Cheirar o traseiro é um ritual social natural e altamente informativo para os cães. As glândulas anais produzem feromônios únicos que revelam sexo, estado reprodutivo, saúde, dieta e até traços emocionais de cada indivíduo. Esse comportamento ajuda a evitar conflitos, ao reconhecer o cheiro do outro, o cão “lê” se ele é dominante, submisso, ansioso ou amigável. É um aperto de mão canino altamente eficiente. O ritual só deve ser interrompido se um dos cães demonstrar desconforto.

7. Cavar

Cavar é um instinto ligado à sobrevivência: cães selvagens fazem buracos para buscar abrigo, esconder comida ou encontrar temperaturas mais agradáveis. No ambiente doméstico, eles reproduzem esse comportamento por tédio, ansiedade ou pura diversão.
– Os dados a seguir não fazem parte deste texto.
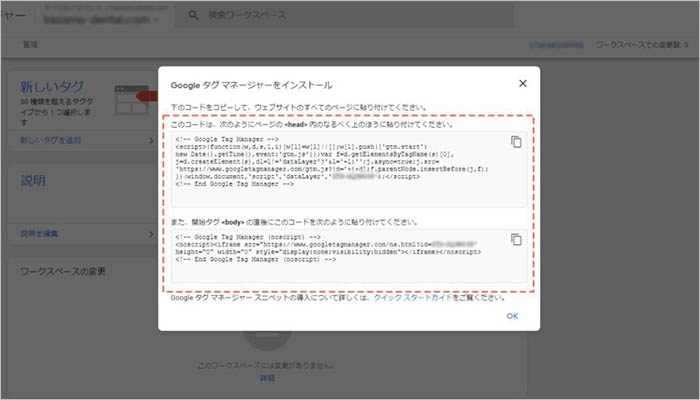 これでGoogleタグマネージャーのアカウントが開設されました。Google タグ マネージャーをインストールするための2種類のコードが表示されるため、このコードをコピーして、 【A】を対象サイトの<head>タグ 内のなるべく上と、【B】を対象サイトの<body> タグの直後に貼り付けたら、「OK」をクリックします。
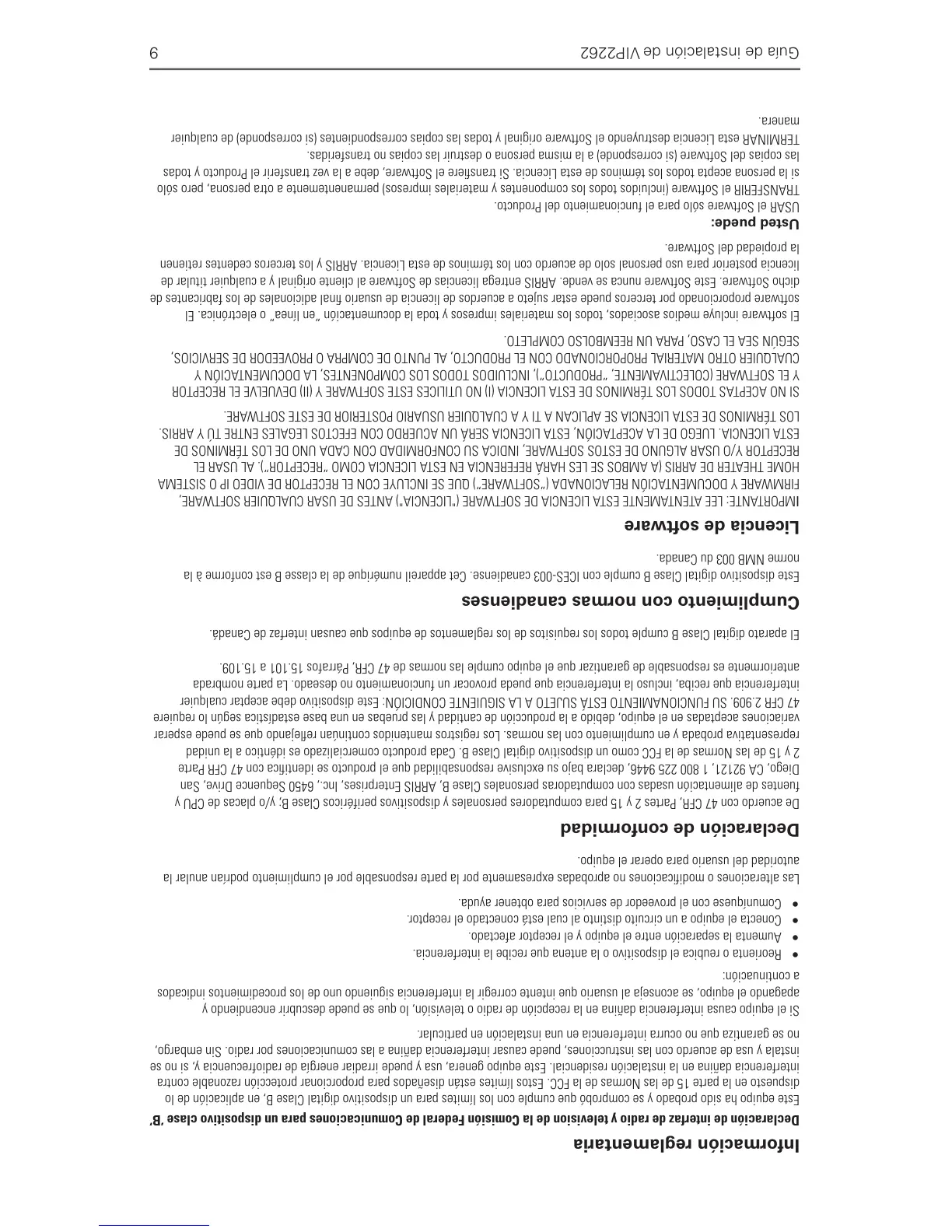 dicho Software. Este Software nunca se vende. ARRIS entrega licencias de Software al cliente original y a cualquier titular de

Alguns cães cavam a cama ou o sofá antes de se deitarem, um comportamento herdado dos ancestrais que preparavam o “ninho”. Já cavar o quintal pode indicar excesso de energia ou falta de estímulos. O ideal é oferecer mais interação, enriquecimento ambiental e supervisão, evitando que o hábito vire destrutivo.

8. Apoiar-se nas pessoas

Encostar o corpo nas pernas, pés ou lado do tutor é uma forma de contato social que reforça vínculo, segurança e proteção. Para muitos cães, esse gesto funciona como um abraço silencioso. Pesquisas mostram que o toque constante entre cão e tutor pode reduzir cortisol e aumentar a sensação de bem-estar de ambos. Em alguns casos, apoiar-se pode indicar insegurança ou busca de conforto diante de estímulos estressantes. Em outros, é simplesmente afeto puro,  uma tentativa de ficar mais próximo de quem eles consideram família.

9. Ofegar

O ofegar é o principal mecanismo de resfriamento dos cães, que praticamente não transpiram. Em situações de calor, exercício ou excitação, é natural que o ritmo respiratório aumente. Mas o contexto importa: se o cão ofega em ambientes frescos, durante o repouso ou acompanhado de inquietação, pode estar indicando dor, febre, ansiedade, sobrepeso ou problemas cardíacos e respiratórios. Sendo assim, o ideal é procurar um veterinário.